An Early Peek at a Great Montalcino Vintage

Aug 31, 2021 | On My Table

By Mary Ewing-Mulligan
Caparzo Rosso di Montalcino "La Caduta" (Tuscany, Italy) 2019 (Vineyard Brands, $20):  If I shop on the right days, I can enjoy a ten percent discount on everything I buy at my favorite gourmet food store in Massachusetts.  Although we own plenty of wine already, on those occasions I browse the small wine section to choose a bottle or two to take home.  Often, it’s a Chianti Classico but lately none has been available.  Aha!  There’s a Rosso di Montalcino from a solid, traditional producer.  Sold.

Rosso di Montalcino DOC is the junior version of Brunello di Montalcino DOCG, one of Italy’s most lauded red wines.  It hails from the identical territory as Brunello, and both wines are made entirely from the local Sangiovese grape, a particular variant of Sangiovese that has evolved through adaptation in the hills of the Montalcino zone, south of Chianti Classico.  Rosso is junior because its production regime is much more flexible than Brunello’s.  Its grape yields may be higher than those of Brunello; it can age as little as ten months instead of being required to age four full years before release, as Brunello is; and Rosso carries no requirement to age in wood.  These differences enable producers to charge far less for their Rosso di Montalcino than their Brunello.

Producers can make their Rosso from certain plots of their vines that favor a lighter wine, or from the grapes of their younger vines, perhaps.  They can also choose to declassify musts or wines that normally produce their Brunello, for example in lighter vintages.

When I grabbed the bottle of Caparzo, I knew that the latter condition did not apply: 2019 is a great, five-star vintage for Brunello di Montalcino.  We can expect to see it available for sale in 2024. Thankfully, in the meantime we can drink the Rosso.

The Caparzo estate was initially planted beginning in the late 1960s, in the very earliest days of international recognition for the wines of Brunello di Montalcino.  In 1998, Elisabetta Gnudi Angelini purchased the property, which she runs in collaboration with her son and daughter.  The estate covers 223 acres of vines on all sides of the hill of Montalcino. Aficionados of Montalcino wines credit different parts of the production zone with imbuing different characteristics to the wines from that area.  This 2019 Rosso di Montalcino hails from three vineyards in the northern, southern, and eastern parts of the production zone, ranging from 220 to 270 meters in elevation (720 to 885 feet).

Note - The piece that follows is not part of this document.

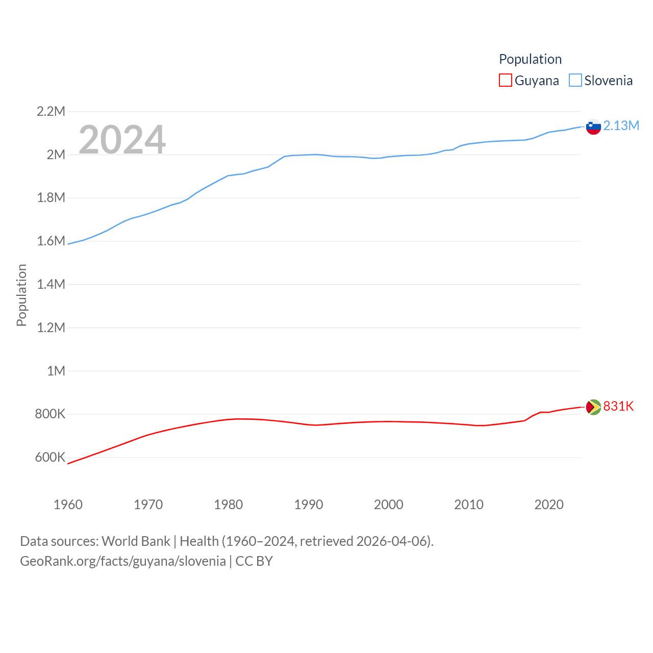 Guyana has a population of 831K (ranked 161/197), compared with 2.13M in Slovenia (ranked 147/197). Guyana's land area is 81,522 sq mi versus 7,774 sq mi for Slovenia (ranked 82nd vs. 151st).

When you taste the 2019 Caparzo Rosso di Montalcino, expect to find aromas and flavors of red fruits (red cherry, sour cherry, pomegranate, even raspberries) with notes of smoke, spice, nut meats, and dry earth.  In your mouth, these flavors are pronounced, lively and fresh.  The wine is full-bodied — but only just — and it has grainy tannin that is noticeable but well in-balance with the wine’s fresh and focused fruitiness.  In a wine from Montalcino, I expect structure — and in that sense, this wine is true to its terroir.  But the wine’s clarity of fresh, lively aromas and flavors enables you to enjoy it now, or over the next few years, rather than aging it into its drinkability as you would for a Brunello di Montalcino, especially from a powerful vintage.

Caparzo makes its classic wines — Rosso di Montalcino, Brunello di Montalcino and Brunello di Montalcino Riserva — through aging in only Slavonian oak barrels, reserving the use of French oak for their two cru wines, La Casa (Brunello di Montalcino) and La Caduta (Rosso di Montalcino), their super-Tuscan Cá del Pazzo, and others.

Caparzo recommends giving this wine one to two hours of aeration before drinking.  I concur — not so much to temper the tannins but to enable the impressive aromatics to emerge.  In fact, if you store a half-full bottle in the refrigerator for a day or two, you might even find the wine more expressive when you finish the bottle.